# Web-scraping-project: Scraping Customer Reviews



## Customer Reviews

Customer reviews are basically the different impressions and opinions about a product. Almost every business can monitor their reputation, develop various analyses, and build trust upon them.Customer reviews are important for several reasons. Obviously, they are a source of feedback for companies that supply goods and services, so you can identify any areas for improvement. But it's not as simple as that. For a true overview of customer sentiment, you need comprehensive data.
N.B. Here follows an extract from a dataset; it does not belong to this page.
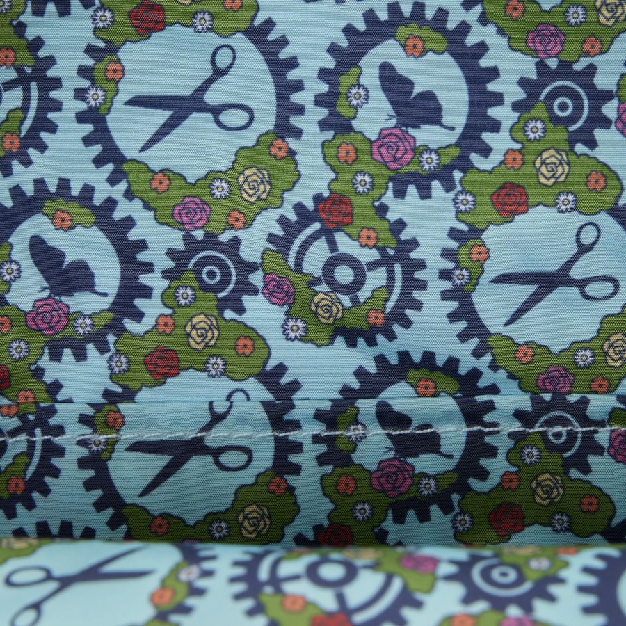 Calling all fans of Edward Scissorhands! This mini backpack is for you! On the front, you'll find Edward Scissorhands holding a heart-shaped shrub with roses on it. It opens up to reveal an image of Kim. The rest of the bag features green sherpa to embody the hedge, and you'll find fence details on the side pockets. The straps also feature safety pin details! It' s a really fun bag to show off one of your favorite movies! Features - Faux leather (polyurethane) - Sturdy top handle - Adjustable shoulder straps - Applique, debossed, embroidered, sherpa, and printed details - Coordinating interior lining Dimensions: - 9"W x 10.5"H x 4.5"D - 22.8cm W x 26.6cm H x 11.4cm D This is an officially licensed Twentieth Century Studios product.
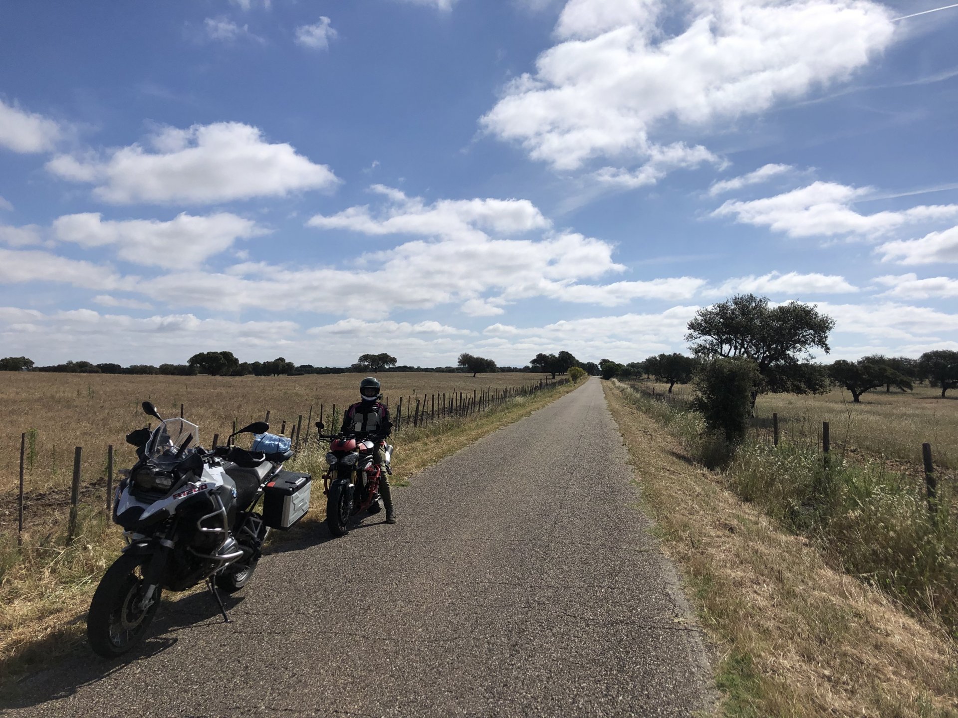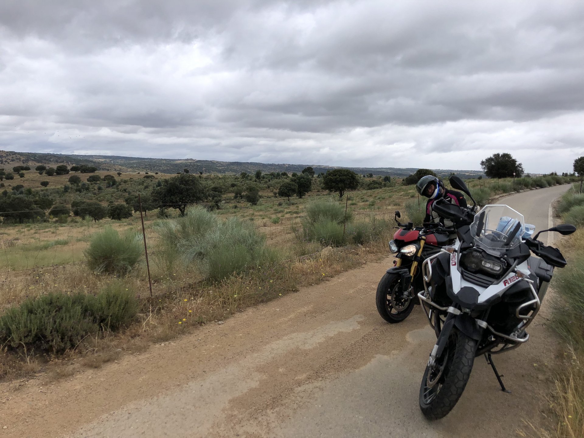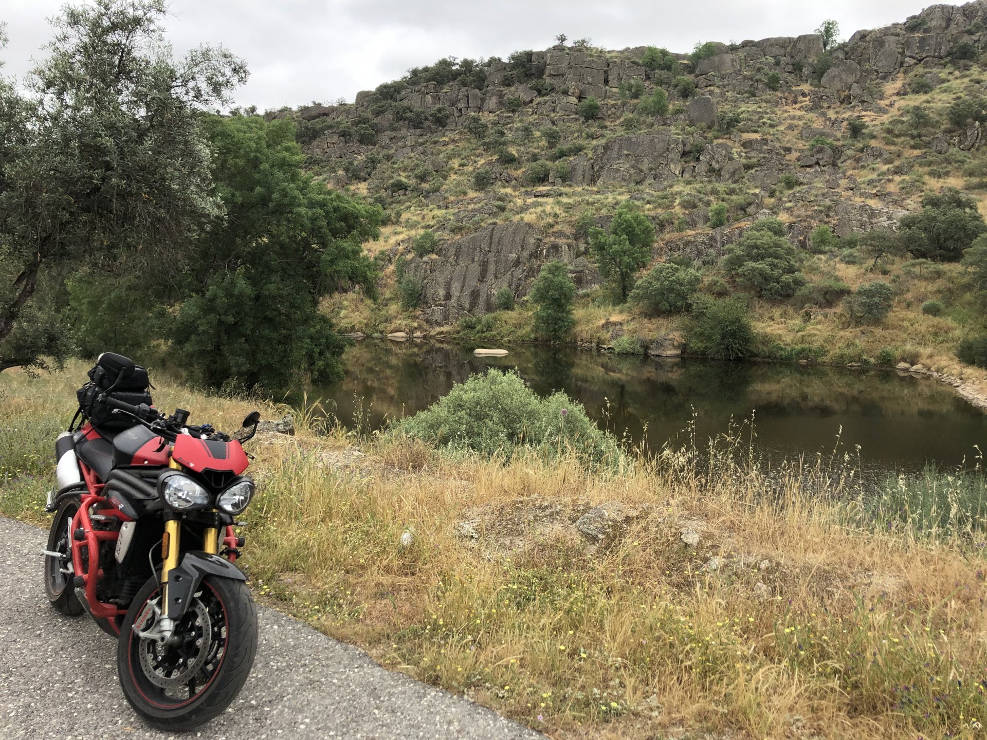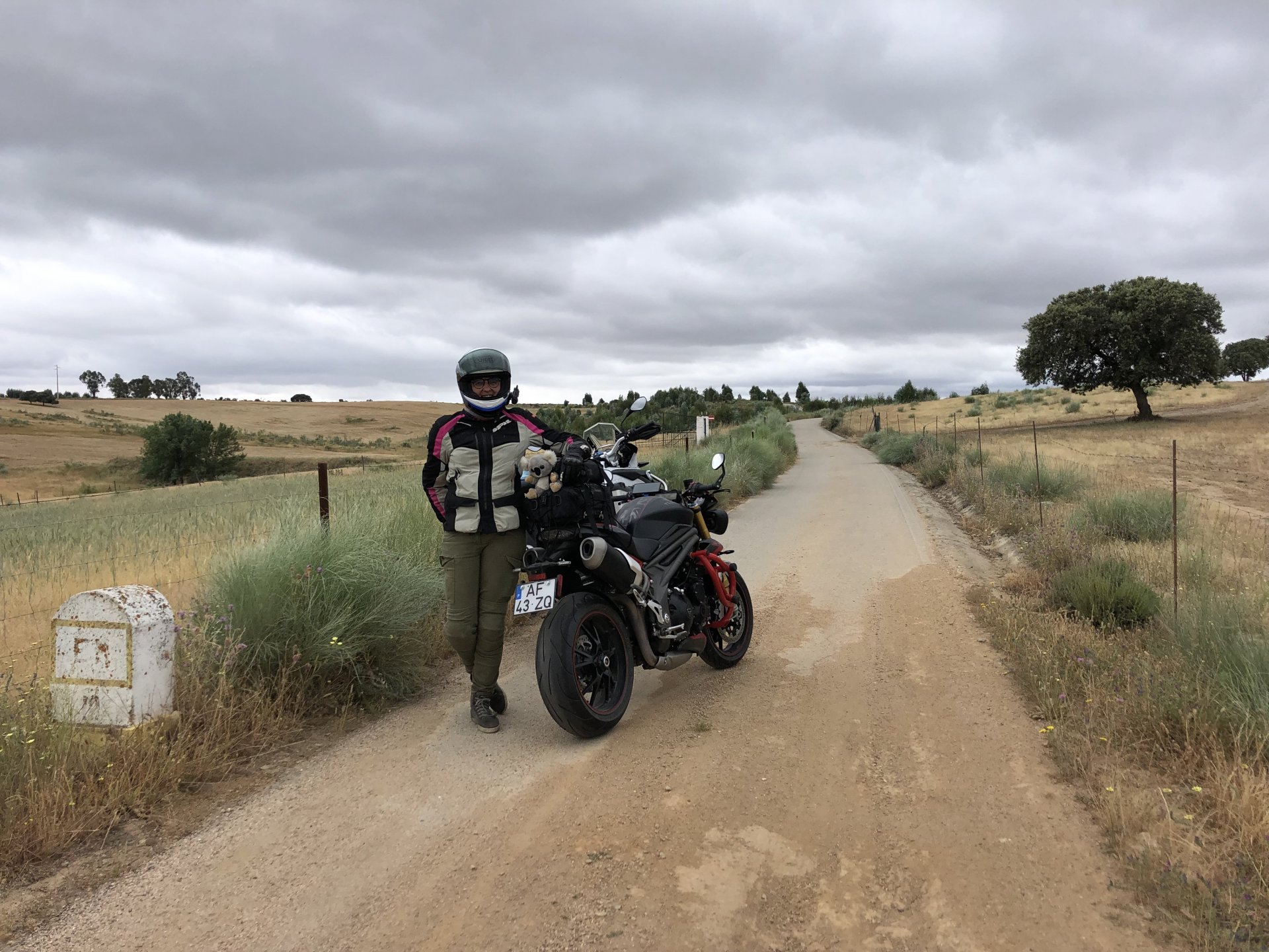 The next day we wake up, put up with an annoying hostess yet a little more and have a pretty mediocre breakfast. The simple but tasty bread rolls from the north replaced with a pretentious person serving tasteless crap. I gave the bikes a wipe to get rid of the most apparent muddy rain drops from the previous afternoon's rain, and we set off, stopping in Rosmaninhal to sort out a navigational miscommunication, and again Sofia finds herself making another friend The tiny municipal road from Rosmaninhal through Tegueiro to Segura is only 25km but it's amazing, and I love it. It's quite narrow so that an average light truck doesn't leave much space for anything else, but it's nice tarmac, often broken in places, with patches of dirt and broken road thrown in. If there was to be a road for trail bikes or supermotos this would be it. I could spend an afternoon riding back and forward there The views couldn't be more different to the previous days' locations up in Trás os Montes and High Douro: Extreme heat and overloaded trucks will do this to tarmac. We got to Segura safe and sound, and went to take a look at the Rio Erges, that's Spain on the other side of the water We started by heading back on the same lovely road we came in before, and I tried to stop for a picture in similar style to the one I took the first time I was there, except the first time I was by myself and at 40º, today with Sofia it was about 18 or 20º and about to rain. I like these worn out by time road marks. Stopped at Nisa for a lunch snack, and Sofia was delighted and envious that the local vet has a parking place reserved for his clients' This Roman bridge has been abandoned from use, but clearly strong enough to handle any load, it's just that the modern two lane road built 50 meters to the side doesn't suit it anymore. It's a shame. The plan was to go home to Ericeira from there, but plans change and instead we made way to Estremoz and then Alter do Chão to sleep in a lovely little hotel built in an old monastery. I ´ve put pictures of all these places before, and sadly took none this time. Dinner in a tiny cafe in Alentejo made up for the previous night's disgrace with a wonderful typical treat, no pictures of that either as the phone was left in the room. Bikes slept soundly inside an old warehouse belonging to the monastery, and after a later than ideal breakfast we were off to go home to the coast. No motorways were meant to be taken, and we did just that. Rode through lovely Alentejo plains and oaks It was starting to warm up when we stopped in Avis for a coffee and a look around: Tiny roads turned to 5 or 6km of dirt road, I had been through there before but I never remember what the surface is like unless it's properly dreadful. Sofia didn't back off and the Speed Triple sailed through smoothly, stopping halfway to look at a stream As we approached Lisbon, we started seeing a lot of bikes, and a lot of foreign ones too. On a short stop we met with some Welsh bikers returning home from watching the Superbikes at the Estoril (Lisbon area). They were riding back to Santander via inner roads, and seemed to be enjoying it immensely, in their late 60s or mid 70s. Someone got really happy from talking to UK people After that, we rode home almost non stop, it was the end of a nice few days mostly filled with wonderful northern Portuguese scenery.2 points

New reviews are posted all the time, which is why you need: **Web scraping.**

## What is Web Scraping?

Web scraping is a technique used to extract large amount of data from websites. This data can be later used for analysis. By aggregating multiple reviews, and potentially scraping multiple third-party customer review websites, you can build a database that allows you to serve your entire customer base better.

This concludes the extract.